- _EXTRACTED DATA_:

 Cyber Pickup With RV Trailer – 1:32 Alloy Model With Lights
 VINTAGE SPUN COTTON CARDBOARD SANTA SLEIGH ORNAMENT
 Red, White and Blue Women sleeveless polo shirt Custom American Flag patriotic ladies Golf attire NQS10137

--

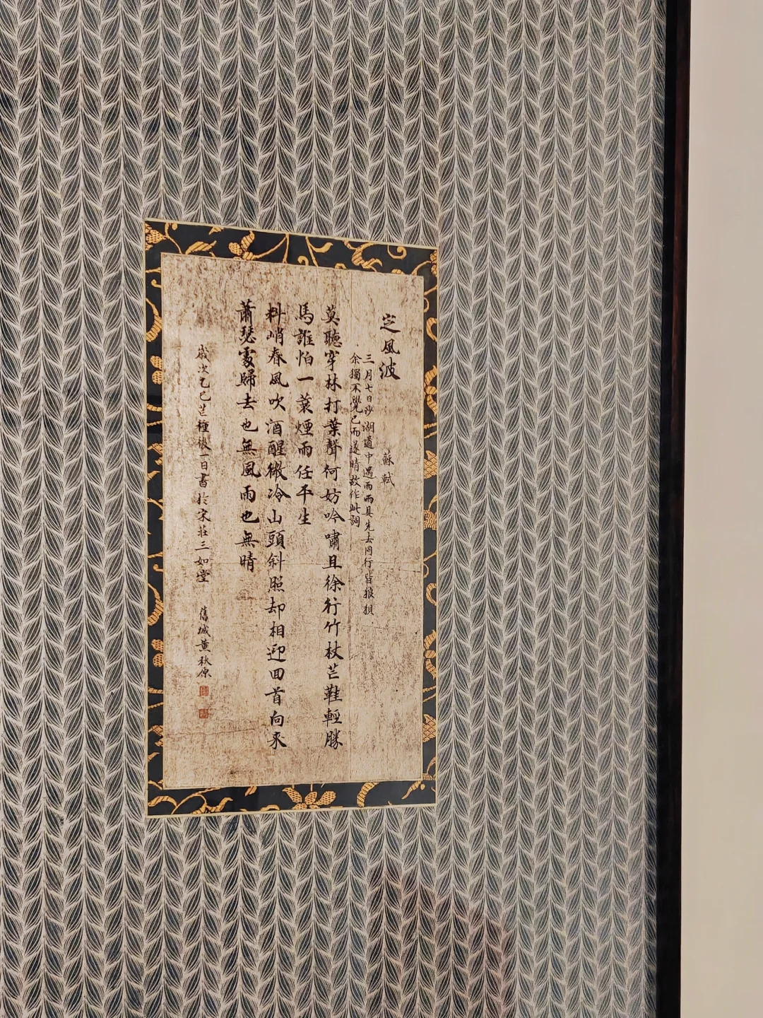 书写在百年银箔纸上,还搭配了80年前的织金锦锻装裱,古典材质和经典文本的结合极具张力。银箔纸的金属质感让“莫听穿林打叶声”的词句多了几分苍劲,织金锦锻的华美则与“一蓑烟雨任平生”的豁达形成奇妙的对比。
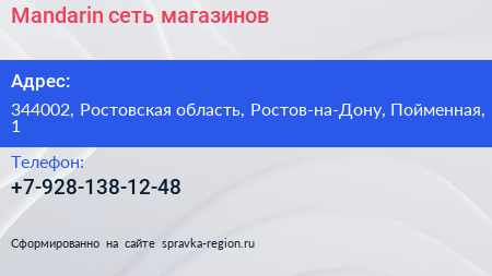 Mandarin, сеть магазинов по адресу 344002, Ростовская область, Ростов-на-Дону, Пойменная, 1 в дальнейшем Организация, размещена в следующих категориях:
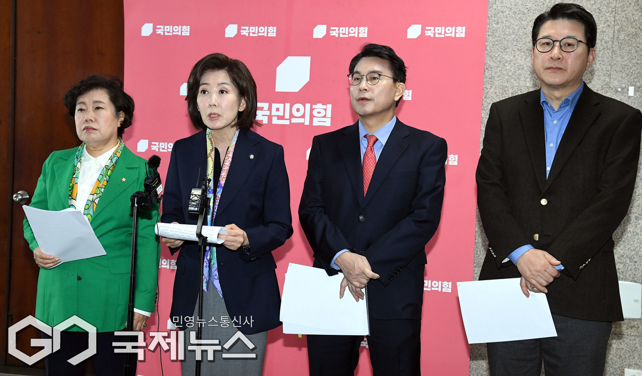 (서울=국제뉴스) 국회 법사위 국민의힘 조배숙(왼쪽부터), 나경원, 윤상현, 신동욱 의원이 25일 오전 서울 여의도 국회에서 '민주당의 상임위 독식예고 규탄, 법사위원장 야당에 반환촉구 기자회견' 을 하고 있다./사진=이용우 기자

...

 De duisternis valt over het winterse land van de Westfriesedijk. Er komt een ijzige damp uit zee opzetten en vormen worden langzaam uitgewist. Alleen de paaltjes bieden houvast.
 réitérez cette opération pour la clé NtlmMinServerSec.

- _TASK GOAL_: From the entries above, print the lines beginning at the one with "Cyber Pickup With" and stopping after the one with "Red, White and", exactly as written and with nothing else.

- _WRITTEN RESPONSE_:
 Cyber Pickup With RV Trailer – 1:32 Alloy Model With Lights
 VINTAGE SPUN COTTON CARDBOARD SANTA SLEIGH ORNAMENT
 Red, White and Blue Women sleeveless polo shirt Custom American Flag patriotic ladies Golf attire NQS10137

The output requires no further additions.